- **TASK DESCRIPTION**: With the images removed, repeat the data below exactly.

- **DATA SECTION**:
***
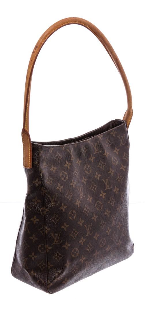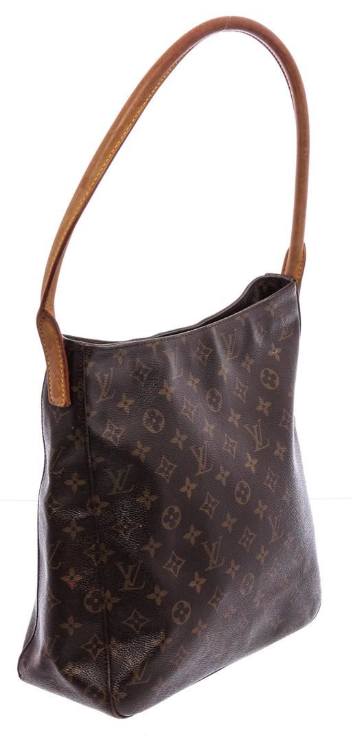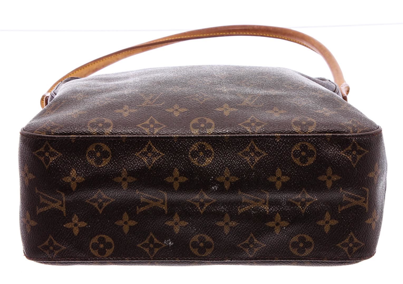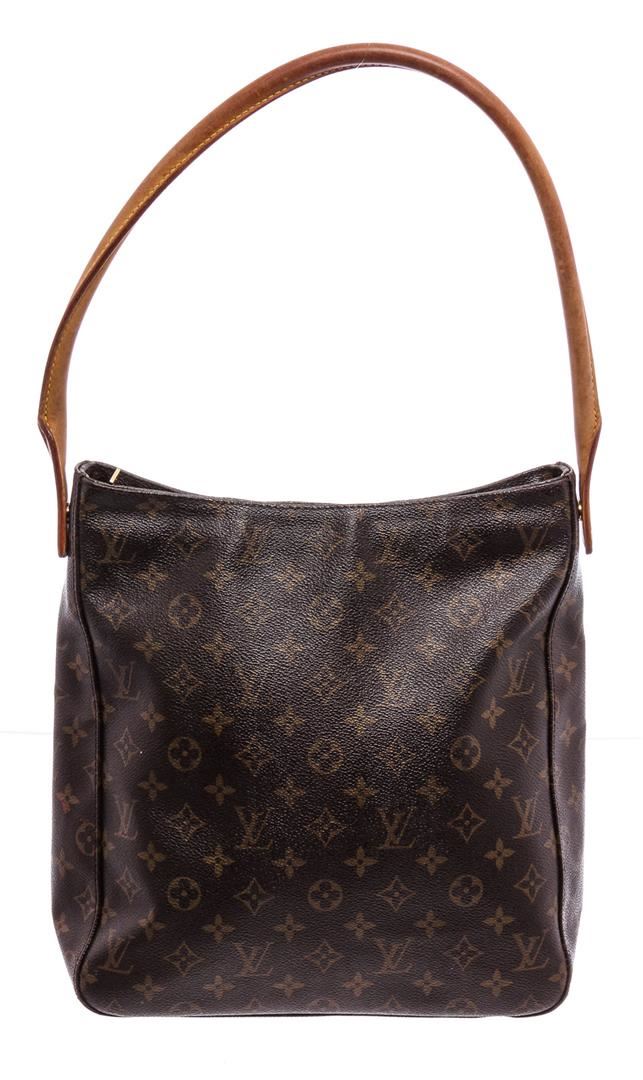 One Louis Vuitton Monogram Canvas Leather Looping GM Shoulder Bag. Brown and tan monogram coated canvas Louis Vuitton Looping GM with brass hardware, cinnamon vachetta leather trim, single rolled shoulder strap, beige Alcantara lining, dual pockets at interior walls; one with zip closure and zip closure at top.
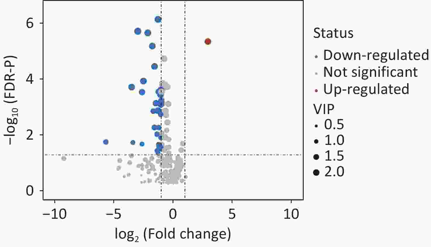 Figure 2. Volcano plot showing the group differences in lipid molecules assayed between IS cases and healthy controls. Dots represent the group comparison results for lipid molecules, with significantly upregulated lipids in red, significantly downregulated lipids in blue, and non-significantly different lipids in gray. The areas of the dots indicate the VIP of the corresponding lipid molecules. VIP, variable influences in projection.
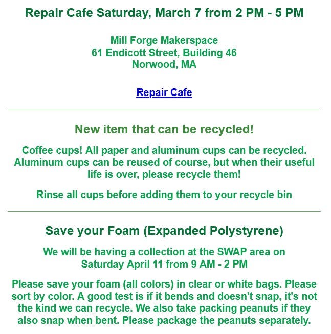 Lots of great information in this TSARC Newsletter for everyone. Take a read, mark your calendars for upcoming recycling and collections!
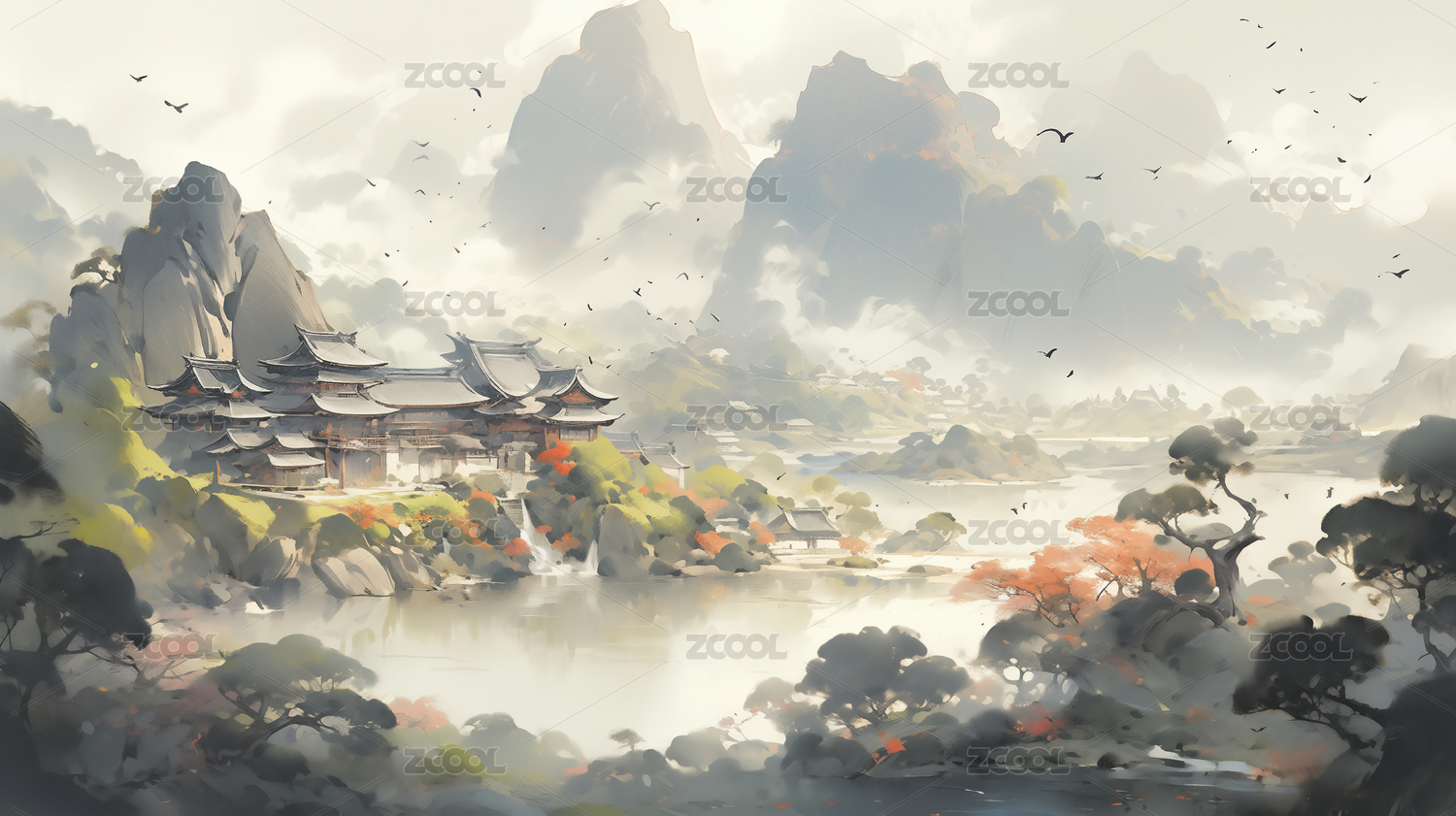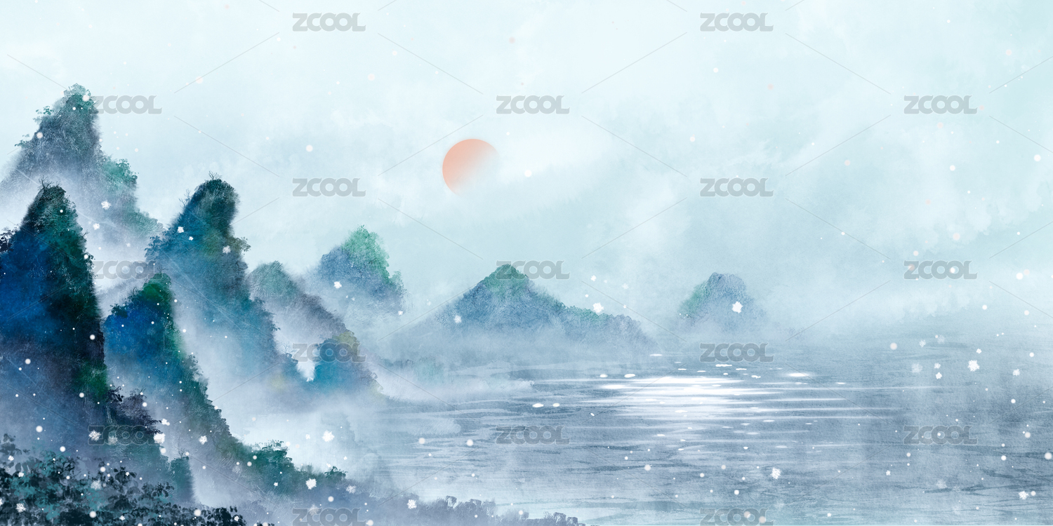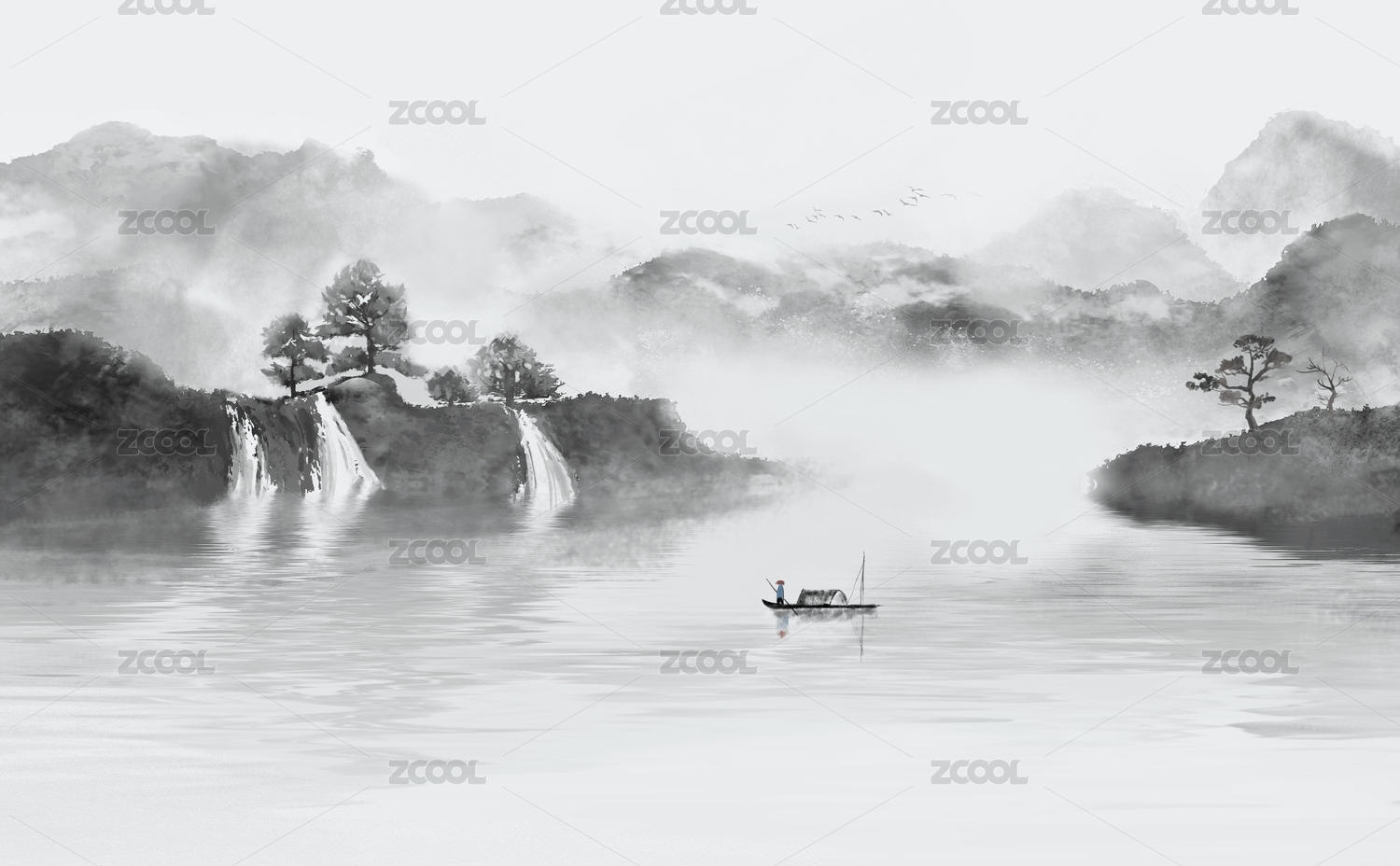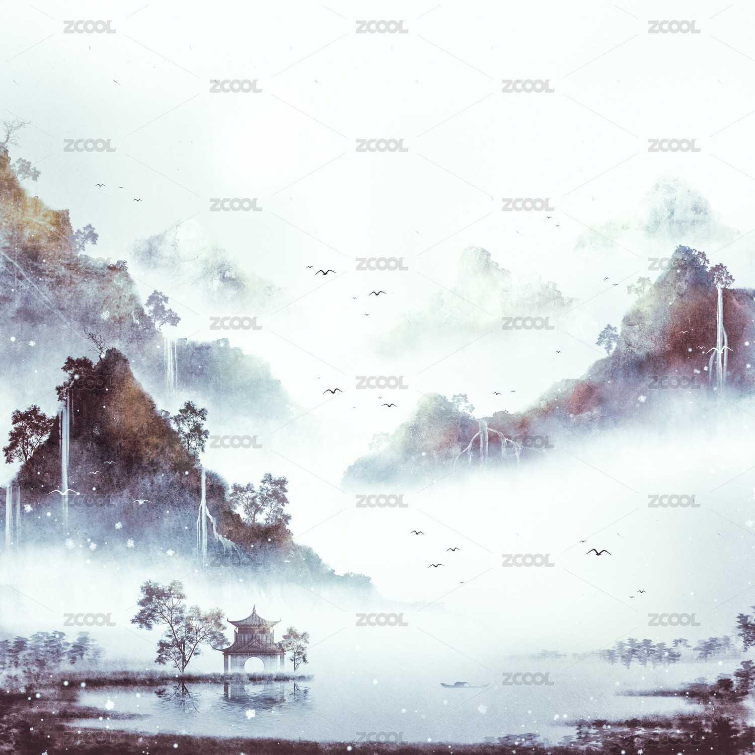 手繪中國(guó)風(fēng)水墨意境山水風(fēng)景
***
- **FINAL ANSWER**:
 One Louis Vuitton Monogram Canvas Leather Looping GM Shoulder Bag. Brown and tan monogram coated canvas Louis Vuitton Looping GM with brass hardware, cinnamon vachetta leather trim, single rolled shoulder strap, beige Alcantara lining, dual pockets at interior walls; one with zip closure and zip closure at top.
 Figure 2. Volcano plot showing the group differences in lipid molecules assayed between IS cases and healthy controls. Dots represent the group comparison results for lipid molecules, with significantly upregulated lipids in red, significantly downregulated lipids in blue, and non-significantly different lipids in gray. The areas of the dots indicate the VIP of the corresponding lipid molecules. VIP, variable influences in projection.
 Lots of great information in this TSARC Newsletter for everyone. Take a read, mark your calendars for upcoming recycling and collections!
 手繪中國(guó)風(fēng)水墨意境山水風(fēng)景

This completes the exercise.